# Wake on LAN on Dell T20 (Intel 82579) with FreeBSD 10.1



## moogle (Dec 7, 2014)

Hello,

I am new to FreeBSD and have a small problem. I installed FreeBSD with ZFS on my Dell T20 and everything works as expected, except the Wake on LAN. It uses the em driver which should support WOL.

Here are the facts:

If I start the PC and shut it down during the boot (before FreeBSD is booted) -> WOL works
If I boot into FreeBSD and force it to shutdown with long pressing the power button -> WOL works
If I shut it down with `shutdown -p` (I also tried `shutdown -h`, `halt`, power button, etc.) -> WOL doesn't work
My guess is, that FreeBSD somehow deactivates the NIC and that disables the WOL capabilities of the NIC.

As I said, I am new to FreeBSD and do not know exactly how the shutdown works, so I hope you guys can help me.


----------



## wblock@ (Dec 7, 2014)

I use WOL to wake a NAS system.  Over the last few months, I have noticed that now it sometimes requires sending the magic packet again.  No specific idea about when or how that happened, but I do know that FreeBSD does not disable WOL.


----------



## junovitch@ (Dec 17, 2014)

It could be something specific to the NIC that when the BIOS initializes it all WOL options are on and when FreeBSD initializes it not all WOL options are on.  Try seeing what WOL options are set with `ifconfig <interface>` and look under options.  Try enabling all of them with `ifconfig <interface> wol` and shutting down after that to see if they are preserved.  Take a look at `man ifconfig | less -p wol` to go straight to the different types that can be enabled.


----------



## Seren (Mar 4, 2016)

I'm having the same problem as moogle: the T20 wasn't responding to the WOL packet even though WOL was configured in the BIOS, the NIC's status lights were active, and I could see the packet on the wire.

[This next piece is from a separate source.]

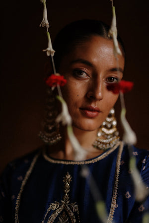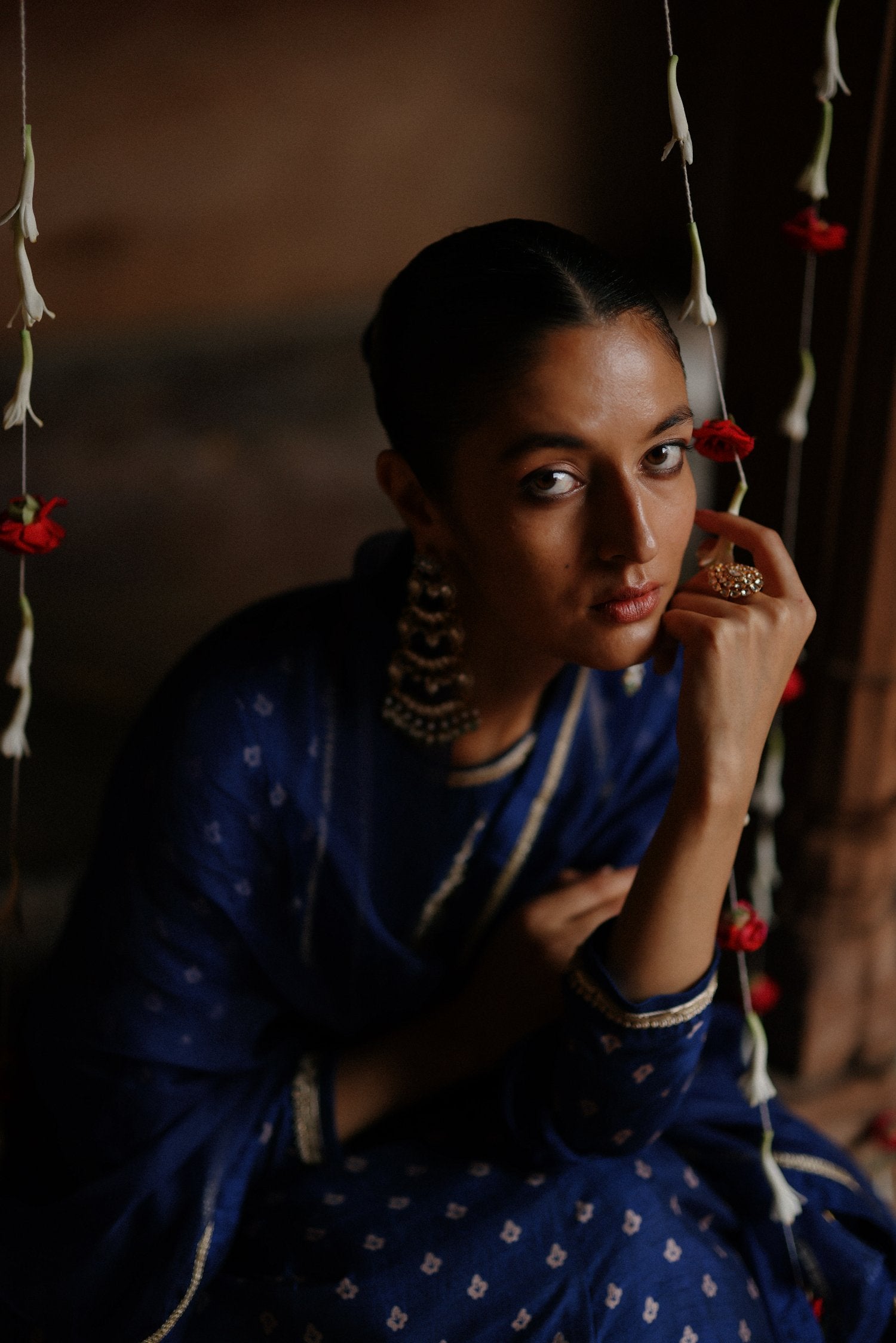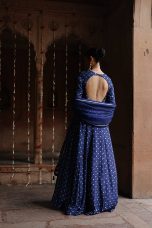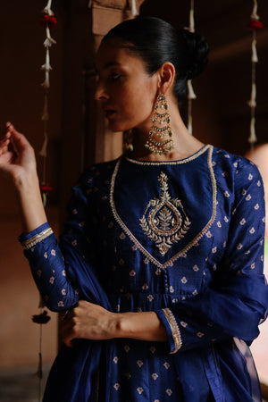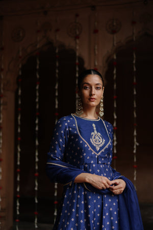 Blue Dupion Silk Embroidered and Printed Anarkali Set

I temporarily fixed it by disabling WOL in the BIOS, applying the change, and then re-enabling it. However after booting up (into FreeNAS in my case), and then issuing a shutdown command to the system and waiting for it to turn off, it no longer responds to WOL.

Something seems to be disabling WOL functionality when the system is running or during shutdown. I didn't see anything in the ifconfig output, and `ifconfig em0 wol` says that it doesn't support it. Maybe the driver is disabling it...?


----------